# 🚢 Titanic Dataset ETL Pipeline
This notebook implements a complete ETL (Extract, Transform, Load) process on the Titanic dataset.

### Steps Involved:
1. Load the dataset
2. Clean missing data
3. Encode categorical variables
4. Engineer new features
5. Save the cleaned dataset

## 🔍 ETL Process Overview
Below is a visual representation of the ETL pipeline:

![ETL Process](ETL%20Process%20for%20Titanic%20Dataset%20-%20visual%20selection.png)

In [None]:
import pandas as pd
from sklearn.preprocessing import LabelEncoder
import matplotlib.pyplot as plt
import seaborn as sns

# Load the dataset (assuming it's in the same directory)
df = pd.read_csv('Titanic-Dataset.csv')
df.head()

## 🧼 Step 1: Clean Missing Data

In [None]:
# Fill missing values
df['Age'] = df['Age'].fillna(df['Age'].median())
df['Embarked'] = df['Embarked'].fillna(df['Embarked'].mode()[0])
df['Cabin'] = df['Cabin'].fillna('Unknown')

# Drop unnecessary column
df.drop(columns=['Ticket'], inplace=True)
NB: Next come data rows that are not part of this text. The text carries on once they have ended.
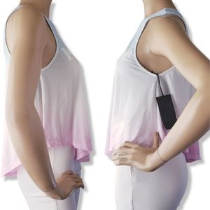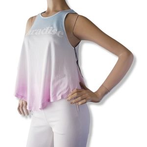 Lightweight and soft Ombre knit tank top. Colors are pink, white & and blue with "Paradise" print in the center. Longer in the middle (both front and back). Relaxed and with stretch.
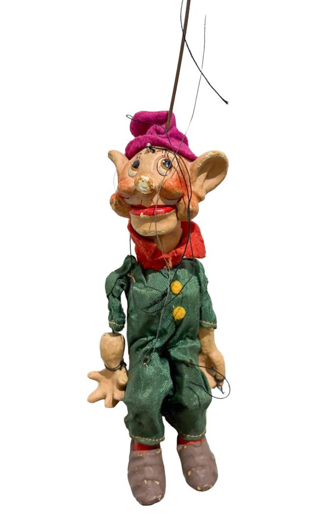 Starožitná loutka z loutkového divadla. Trpaslík má uražený kousek na nose a na pár místech odřenou barvu. Nutná výměna úchytů. Má mechanické otvírání pusy. Je součástí většího celku loutkových figurek. Materiál je pravděpodobně tvrzená sádra. Na výšku má 16 cm a s držákem 55 cm.
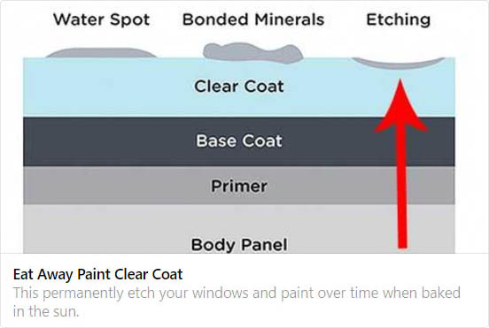Yes, there’s a certain level of foresight into keeping your car clean when you think about maintaining its price value but there’s actually more to it than meets the eye, literally. Take for instance water. Something as small and naturally occurring as rain drops can actually cause harm to the coating of your car. As rain water falls on the surface of your car it catches dirt particles. Once water evaporates it leaves behind the dirt and minerals in a concentrated area which you see as water marks or water spots. It may seem harmless but these marks can cause what is called etching.
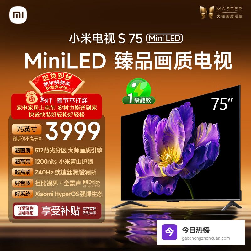 【京东自营】小米电视S75MiniLED【销量10万+】75英寸240Hz高刷512分区1200ni¥
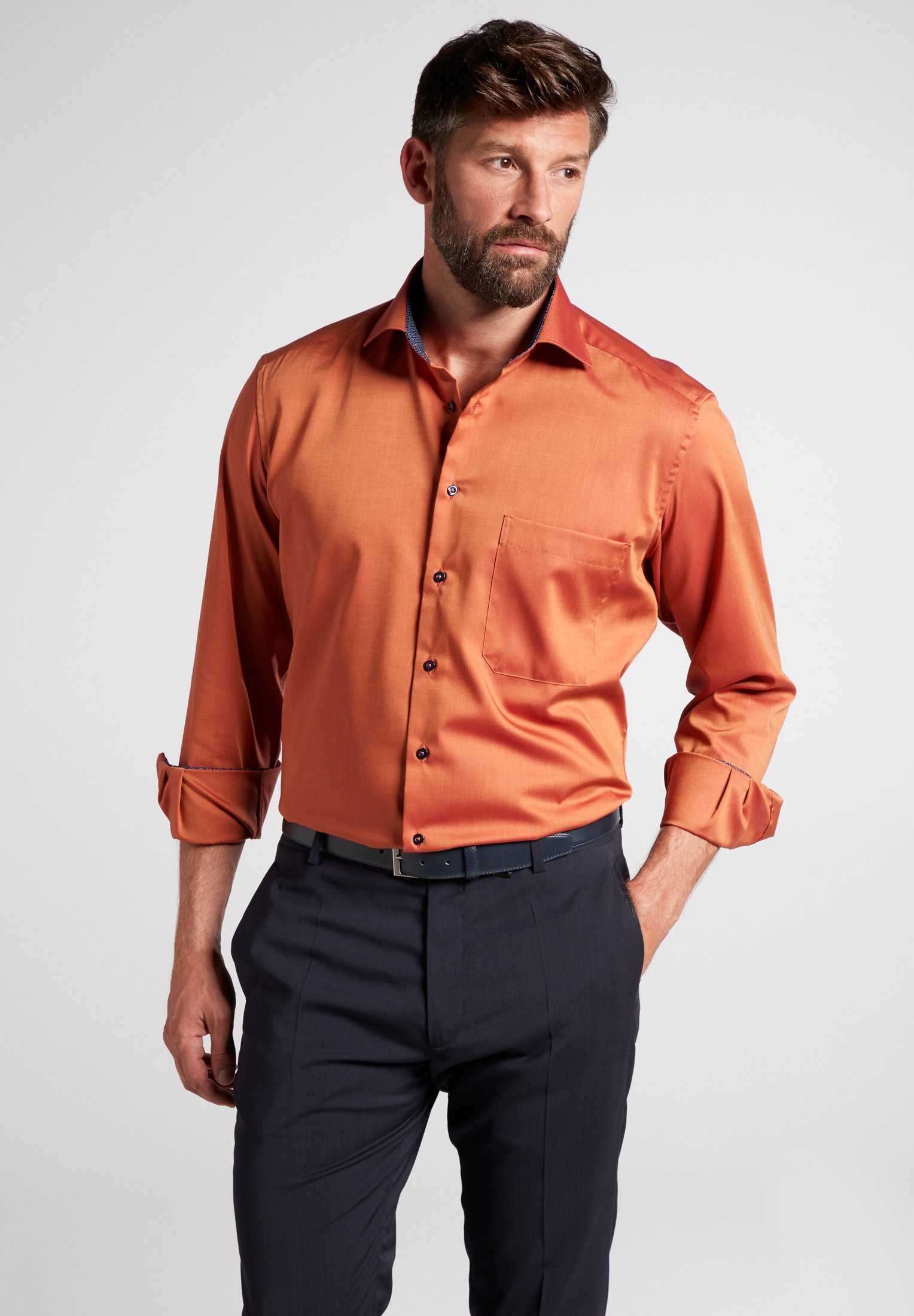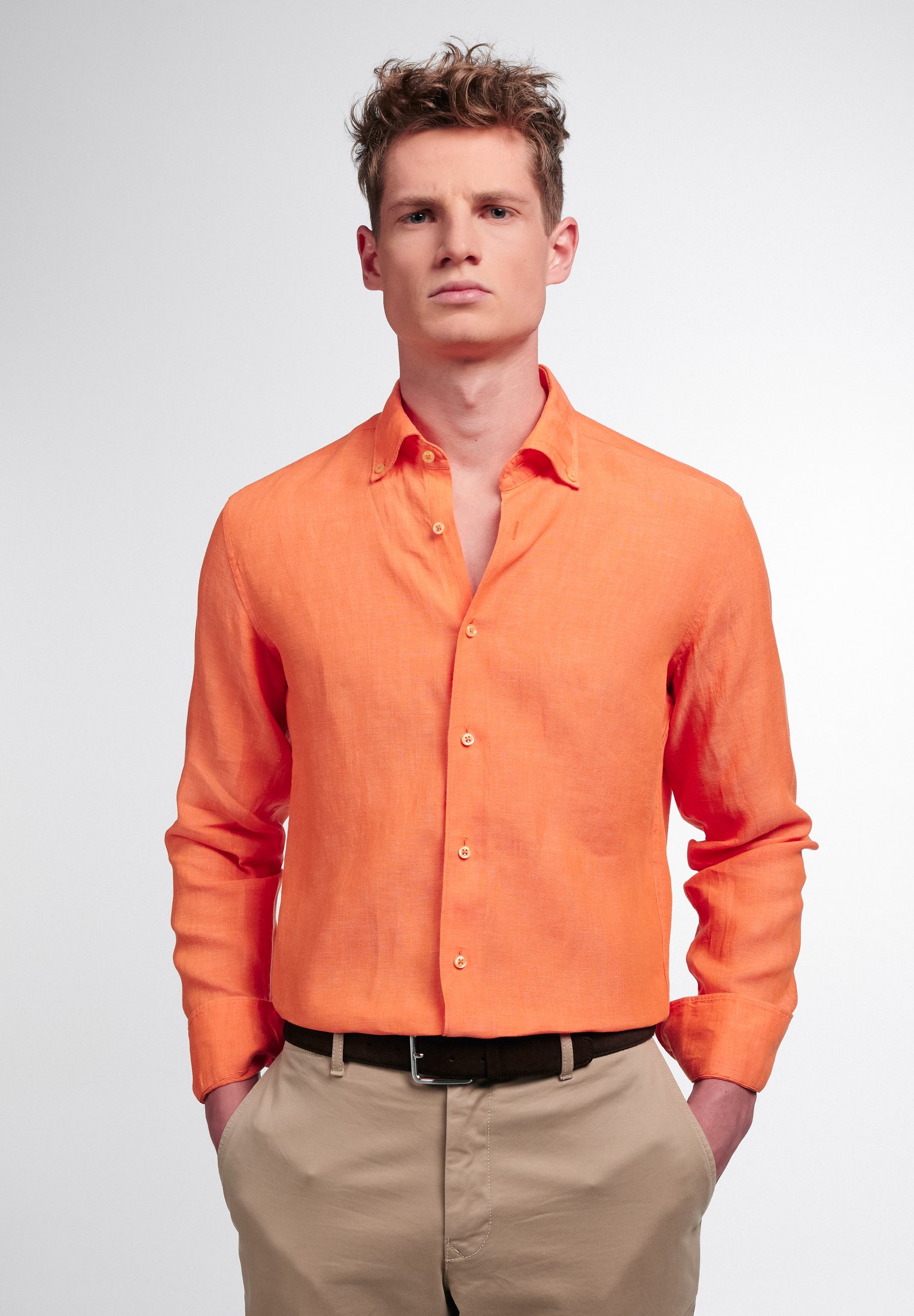 orange shirt grey pants

## 🔤 Step 2: Encode Categorical Variables

In [None]:
le = LabelEncoder()
df['Sex'] = le.fit_transform(df['Sex'])
df['Embarked'] = le.fit_transform(df['Embarked'])
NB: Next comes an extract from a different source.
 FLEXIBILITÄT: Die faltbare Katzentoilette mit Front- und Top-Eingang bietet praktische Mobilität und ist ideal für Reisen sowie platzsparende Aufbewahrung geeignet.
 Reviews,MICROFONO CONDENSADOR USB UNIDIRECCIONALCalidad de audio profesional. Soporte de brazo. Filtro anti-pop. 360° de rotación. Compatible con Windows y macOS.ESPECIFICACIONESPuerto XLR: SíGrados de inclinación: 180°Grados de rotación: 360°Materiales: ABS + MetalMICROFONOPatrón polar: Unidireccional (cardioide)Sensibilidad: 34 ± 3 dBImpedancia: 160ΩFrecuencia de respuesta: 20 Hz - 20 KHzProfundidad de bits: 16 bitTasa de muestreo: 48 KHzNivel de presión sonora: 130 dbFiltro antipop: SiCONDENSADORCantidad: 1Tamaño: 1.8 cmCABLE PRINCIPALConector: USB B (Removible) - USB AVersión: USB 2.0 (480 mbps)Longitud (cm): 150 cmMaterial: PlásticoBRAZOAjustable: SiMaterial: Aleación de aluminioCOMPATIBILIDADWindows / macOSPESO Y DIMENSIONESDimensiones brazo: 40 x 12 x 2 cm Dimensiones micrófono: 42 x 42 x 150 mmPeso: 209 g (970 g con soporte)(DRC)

## 🧠 Step 3: Feature Engineering

In [None]:
# Create FamilySize and IsAlone
df['FamilySize'] = df['SibSp'] + df['Parch'] + 1
df['IsAlone'] = (df['FamilySize'] == 1).astype(int)

# Extract title from name
df['Title'] = df['Name'].str.extract(' ([A-Za-z]+)\.', expand=False)
df['Title'] = le.fit_transform(df['Title'])

## 📊 Optional: Quick Visualization

In [None]:
sns.countplot(x='Survived', hue='Sex', data=df)
plt.title('Survival Count by Sex')
plt.show()

## 💾 Step 4: Save Cleaned Dataset

In [None]:
df.to_csv('cleaned_titanic_data.csv', index=False)
print('✅ Cleaned data saved to cleaned_titanic_data.csv')